# Information shown:

____________

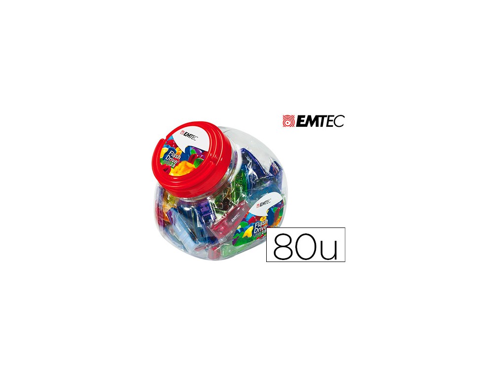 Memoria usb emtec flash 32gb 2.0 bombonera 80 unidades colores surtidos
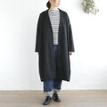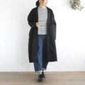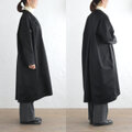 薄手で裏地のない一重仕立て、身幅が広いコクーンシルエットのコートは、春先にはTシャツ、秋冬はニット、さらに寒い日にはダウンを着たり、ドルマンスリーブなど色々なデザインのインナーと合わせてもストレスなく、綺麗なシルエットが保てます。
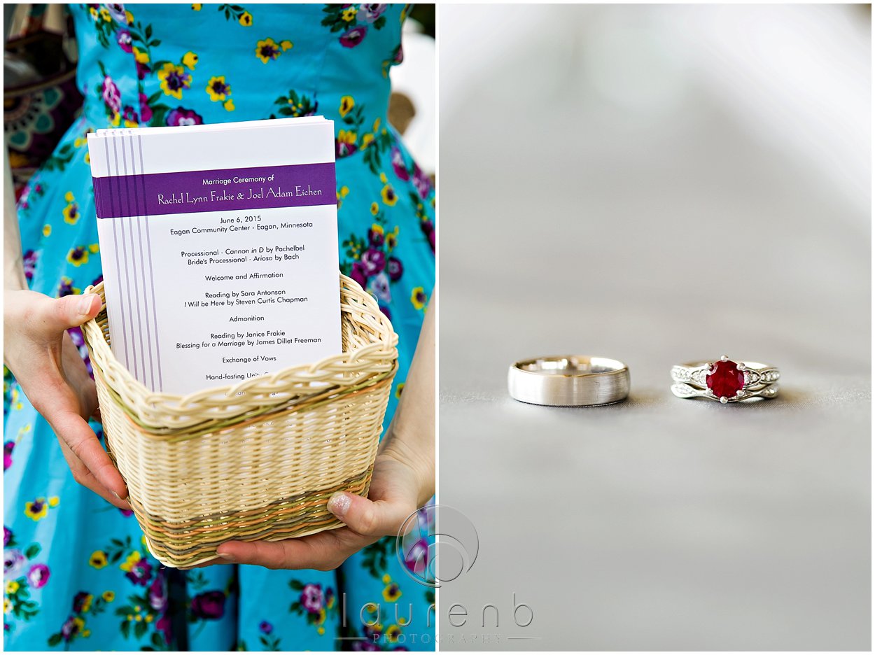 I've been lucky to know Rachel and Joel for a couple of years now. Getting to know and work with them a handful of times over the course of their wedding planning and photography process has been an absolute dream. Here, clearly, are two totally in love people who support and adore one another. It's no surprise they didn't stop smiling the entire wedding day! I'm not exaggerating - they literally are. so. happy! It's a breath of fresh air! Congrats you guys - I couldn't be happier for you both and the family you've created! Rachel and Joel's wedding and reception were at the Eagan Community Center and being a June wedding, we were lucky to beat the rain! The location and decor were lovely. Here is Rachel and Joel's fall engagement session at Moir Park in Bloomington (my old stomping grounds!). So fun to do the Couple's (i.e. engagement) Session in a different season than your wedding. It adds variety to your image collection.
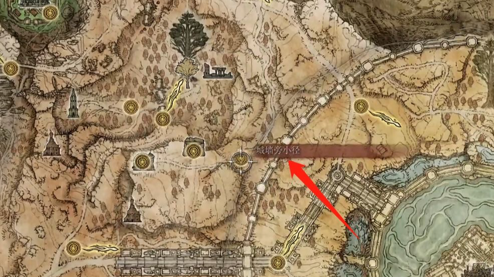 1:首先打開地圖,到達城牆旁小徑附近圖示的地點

____________

# Assignment:
The line containing "薄手で裏地のない一重仕立て、" marks the end: transcribe every line from the start of the listing up to and including it, minus the pictures.

# Answer section:
 Memoria usb emtec flash 32gb 2.0 bombonera 80 unidades colores surtidos
 薄手で裏地のない一重仕立て、身幅が広いコクーンシルエットのコートは、春先にはTシャツ、秋冬はニット、さらに寒い日にはダウンを着たり、ドルマンスリーブなど色々なデザインのインナーと合わせてもストレスなく、綺麗なシルエットが保てます。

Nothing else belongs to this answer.